> _Task goal_
What's needed is an exact retyping of the lines from the start of the listing up to and including the line with "Böjträstomme av bok.", minus any pictures.

> _Input data_
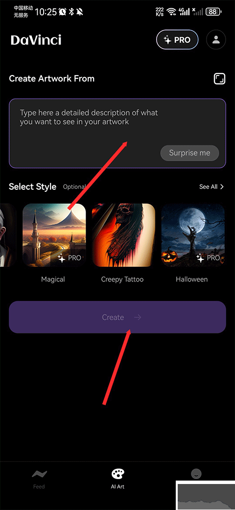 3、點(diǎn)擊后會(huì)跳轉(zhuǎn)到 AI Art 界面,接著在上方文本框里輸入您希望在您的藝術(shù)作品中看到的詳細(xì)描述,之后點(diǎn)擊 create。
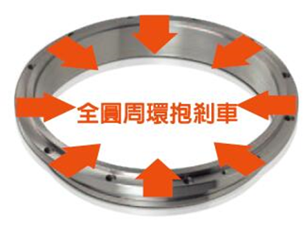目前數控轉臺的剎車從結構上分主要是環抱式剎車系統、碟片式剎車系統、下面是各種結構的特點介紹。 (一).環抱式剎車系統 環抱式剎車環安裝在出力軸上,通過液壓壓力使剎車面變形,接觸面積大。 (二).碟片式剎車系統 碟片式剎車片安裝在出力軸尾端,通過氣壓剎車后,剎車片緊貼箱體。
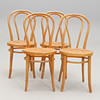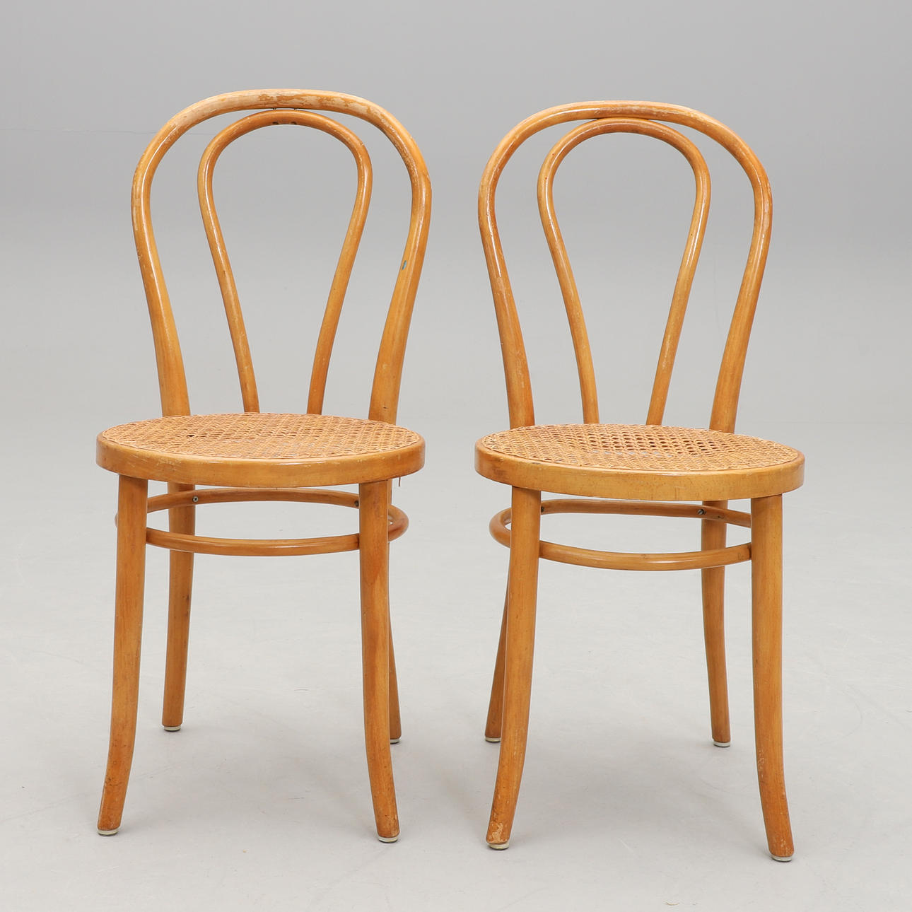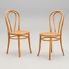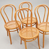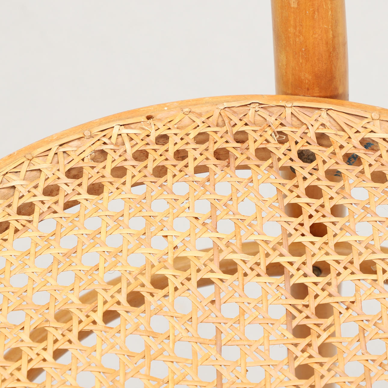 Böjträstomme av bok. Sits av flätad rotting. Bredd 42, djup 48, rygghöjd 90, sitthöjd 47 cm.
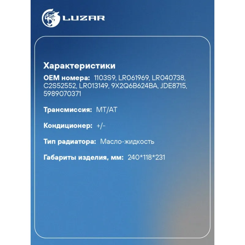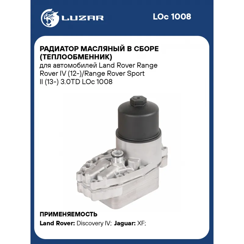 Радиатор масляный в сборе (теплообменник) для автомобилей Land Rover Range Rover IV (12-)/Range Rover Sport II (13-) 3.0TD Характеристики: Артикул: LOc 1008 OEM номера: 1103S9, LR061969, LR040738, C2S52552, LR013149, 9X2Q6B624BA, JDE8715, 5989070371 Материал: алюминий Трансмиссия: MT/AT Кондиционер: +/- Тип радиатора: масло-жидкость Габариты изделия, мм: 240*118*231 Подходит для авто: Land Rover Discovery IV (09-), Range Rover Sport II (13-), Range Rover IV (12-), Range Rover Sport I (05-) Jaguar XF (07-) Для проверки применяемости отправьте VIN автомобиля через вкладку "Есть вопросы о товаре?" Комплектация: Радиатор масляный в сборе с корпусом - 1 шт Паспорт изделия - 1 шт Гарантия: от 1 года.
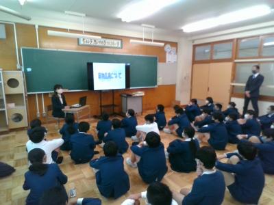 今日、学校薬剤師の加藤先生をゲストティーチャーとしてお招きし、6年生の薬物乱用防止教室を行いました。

> _Written solution_
 3、點(diǎn)擊后會(huì)跳轉(zhuǎn)到 AI Art 界面,接著在上方文本框里輸入您希望在您的藝術(shù)作品中看到的詳細(xì)描述,之后點(diǎn)擊 create。
目前數控轉臺的剎車從結構上分主要是環抱式剎車系統、碟片式剎車系統、下面是各種結構的特點介紹。 (一).環抱式剎車系統 環抱式剎車環安裝在出力軸上,通過液壓壓力使剎車面變形,接觸面積大。 (二).碟片式剎車系統 碟片式剎車片安裝在出力軸尾端,通過氣壓剎車后,剎車片緊貼箱體。
 Böjträstomme av bok. Sits av flätad rotting. Bredd 42, djup 48, rygghöjd 90, sitthöjd 47 cm.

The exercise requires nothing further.